Было так тихо, что слышался каждый шаг ветеранов, героев, идущих в ногу и державших друг друга за руку.
И Ната держалась за Володину руку и часто просила остановиться, поднять её, чтобы она могла увидеть войска, седых ветеранов и чётко шагающих под знаменем ребят. Как же ей хотелось увидеть отца, которого, по правде говоря, она не очень-то помнила! И потому именно во многих-многих бойцах ей виделся папа. Сначала она спрашивала Володю, отец ли это прошёл, потом одним словом: «Володя!», а затем просто тем, что прижималась к брату, тянула чуть вниз его руку. Когда же Володя наклонялся к ней, вопрошающе смотрела на него.

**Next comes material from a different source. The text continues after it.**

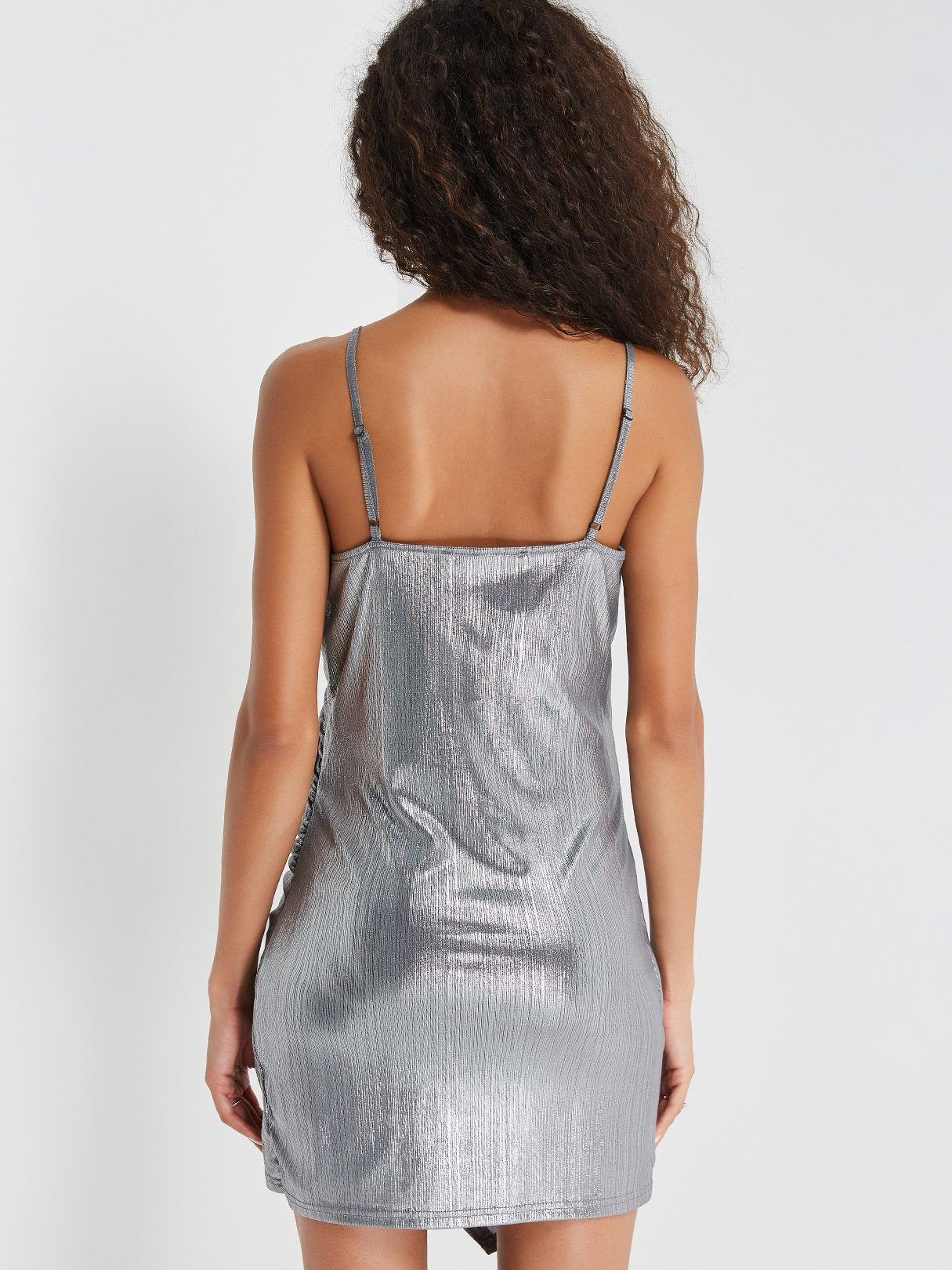 Silver V-Neck Sleeveless Spaghetti Strap Wrap Irregular Hem Sexy Dresses

А Володя отводил глаза и повторял только:
— Нет, Наточка, нет.
За мостом через Москву-реку, в переулке, стало тише. Дома тут были пониже, но в каждом окне, даже в самом малом, стояли цветы, на балконах висели ковры и яркие покрывала.
Одноэтажный дом Ратиковых тоже успел уже принарядиться. Мешки с песком перед витринами молочной и булочной были убраны давно. А сегодня витрины эти вымыли, стекло блестело на солнце, а сквозь него пестрели цветы в горшках и красный кумач с белыми буквами:
ПОБЕДА.
Володя и Ната никогда не видели дом, в котором жили, таким нарядно-праздничным. Однако не это поразило их. Вдоль всего дома Володя и Ната увидели пушки. Только тут, на маленькой улочке, среди низкорослых домов, Володя почувствовал, как огромно это оружие артиллеристов. Одно только орудие вместе с тягачом и расчётом занимало по фасаду весь дом Ратиковых до самых ворот соседнего дома. А ведь пушек было несколько.
— Отчего это? Почему? — Ната прижалась щекой к Володиной руке.
Что мог ответить Володя? Он и сам ничего не понимал и думал: «А не сон ли это?»
Надо было спросить кого-нибудь. Но кого? В окнах всех этих одноэтажных домов не было ни одного человека. Где же все эти бабушки, которые всегда сидели в окнах? Где Володины товарищи по улице?
Володя смотрел по сторонам. И тут только он увидел, что его товарищи, обняв руками и ногами телеграфные столбы или деревья, примостились над его головой — выше улицы, выше огромных пушек.
И в какое-то мгновение Володе стало больно, очень больно, что нет среди этих ребят его друга Миши…
— Батарея, смир-но!
Словно электрический ток пробежал по великанам из железа и стали. Задвигались невидимые рычаги, повернулись огромные дула пушек.
Ната вздрогнула и прижалась к брату.
Бойцы стояли навытяжку возле орудий. Лейтенант подошёл к Володе и, лихо подбросив руку к козырьку, отдал ему честь.
Славная гвардейская батарея лейтенанта Шарова. Она носила имена многих городов, отбитых у врагов.
Пехотинцы после боя благодарили батарею Шарова за блестящую подготовку к штурму. Лётчики радировали слова признательности лейтенанту Шарову. А теперь лейтенант Шаров рапортовал Володе Ратикову:
— Батарея построилась, чтобы приветствовать Володю Ратикова, пославшего последний снаряд, которым добили проклятых фашистов. От имени моих бойцов, сержантов и офицеров, — сказал лейтенант, — спасибо тебе, Владимир Матвеевич Ратиков. Дай я поцелую тебя!
Лейтенант Шаров крепко обнял Володю. А Володя смог обнять лейтенанта только одной рукой. Другую не выпускала маленькая Ната.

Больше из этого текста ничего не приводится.